Decision trees build a hierarchy of if-else rules. At each node we choose the feature and threshold that maximize
the reduction in impurity, often measured by the Gini index
$$G=1-\sum_k p_k^2,$$
where $p_k$ is the proportion of class $k$ in that node. Splits continue until nodes become pure or a maximum depth
is reached.
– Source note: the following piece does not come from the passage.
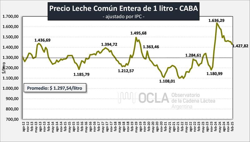 En la leche común entera de litro se observa que el precio de febrero del 2025, es 1,8% inferior al mes anterior en moneda constante, + 0,6% en moneda corriente, y en el interanual está 3,6% por debajo de febrero 2024 actualizado por IPC. Siguiendo en el análisis a moneda constante, el precio de febrero de 2025 se ubica 10,0% por encima de la media de la serie y es 12,7% más bajo que el máximo alcanzado hasta ahora en marzo próximo pasado, y a pesar de los vaivenes con una tendencia estable en los últimos 14 años.
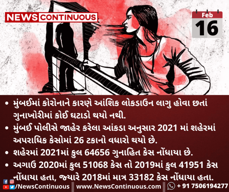 મુંબઈમાં કોરોનાને કારણે આંશિક લોકડાઉન લાગુ હોવા છતાં ગુનાખોરીમાં કોઈ ઘટાડો થયો નથી.

The resulting tree makes predictions by following the learned rules from root to leaf.


In [None]:
X, y = load_iris(return_X_y=True)
X_train, X_test, y_train, y_test = train_test_split(X, y, test_size=0.3, random_state=42, stratify=y)
print('Train shape:', X_train.shape)


In [None]:
tree = DecisionTreeClassifier(max_depth=3, random_state=42)
tree.fit(X_train, y_train)
preds = tree.predict(X_test)
print(classification_report(y_test, preds))


In [None]:
ConfusionMatrixDisplay.from_predictions(y_test, preds)
plt.title('Decision Tree Confusion Matrix')
plt.tight_layout()
plt.show()


This concludes the brief tour of basic machine learning examples using scikit-learn.
Each model optimizes a mathematical objective or rule to map inputs to outputs.
Feel free to modify the code cells and explore further, trying different datasets or algorithms.